В конце сентября, когда с открытием в губернии конской ярмарки оживает весь уезд, начинаются вечера, охоты и свадьбы, стал поджидать Александр Вадимыч молодых и быстро закончил работы в Милом. Вдруг письма из-за границы прекратились. «Неужели в Америку махнули?» – подумал Волков и через несколько дней получил телеграмму: «Еду, Катя».

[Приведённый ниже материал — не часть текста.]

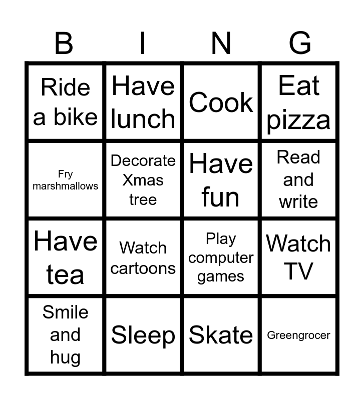 This bingo card has 16 words: Sleep, Watch TV, Cook, Ride a bike, Have tea, Have lunch, Play computer games, Skate, Fry marshmallows, Decorate Xmas tree, Smile and hug, Eat pizza, Watch cartoons, Read and write, Have fun and Greengrocer.

Всполошился Александр Вадимыч, выбрал лучшую тройку белых, как снег, коней (это был подарок молодым по случаю приезда) и долго колебался: уж очень хотелось самому выехать на вокзал, но сдержался, только строго наказал кучеру, стуча пальцами в его лоб: «Смотри у меня, духом лети, а как отвезешь князя и княгиню, сыпь обратно. Да не забудь сказать, что лошади – презент». Но едва тройка скрылась за горой, Александр Вадимыч расстроился, пригорюнился, сел у окна. Стало ему почему-то жалко дочь, Катю: «Выдал замуж сгоряча. А девица хорошая, кроткая, сирота… И какого черта я тогда думал? Ах, боже мой, боже мой, вот ведь как это все не того… Не такого бы ей надо мужа…»

Вечером вернулся кучер верхом на меринке из княжеской конюшни. Соскочил у крыльца и вошел прямо к Александру Вадимычу, у которого даже голова затряслась от волнения…

– Ну что? Привез?

– Привез, Александр Вадимыч, слава богу, благополучно.

– Веселые приехали?

– Ничего, все слава богу…

– А что барин, князь?

– Вот его будто я и не видал…

– Как не видал? Да что ты молчишь!.. Говори, голову оторву!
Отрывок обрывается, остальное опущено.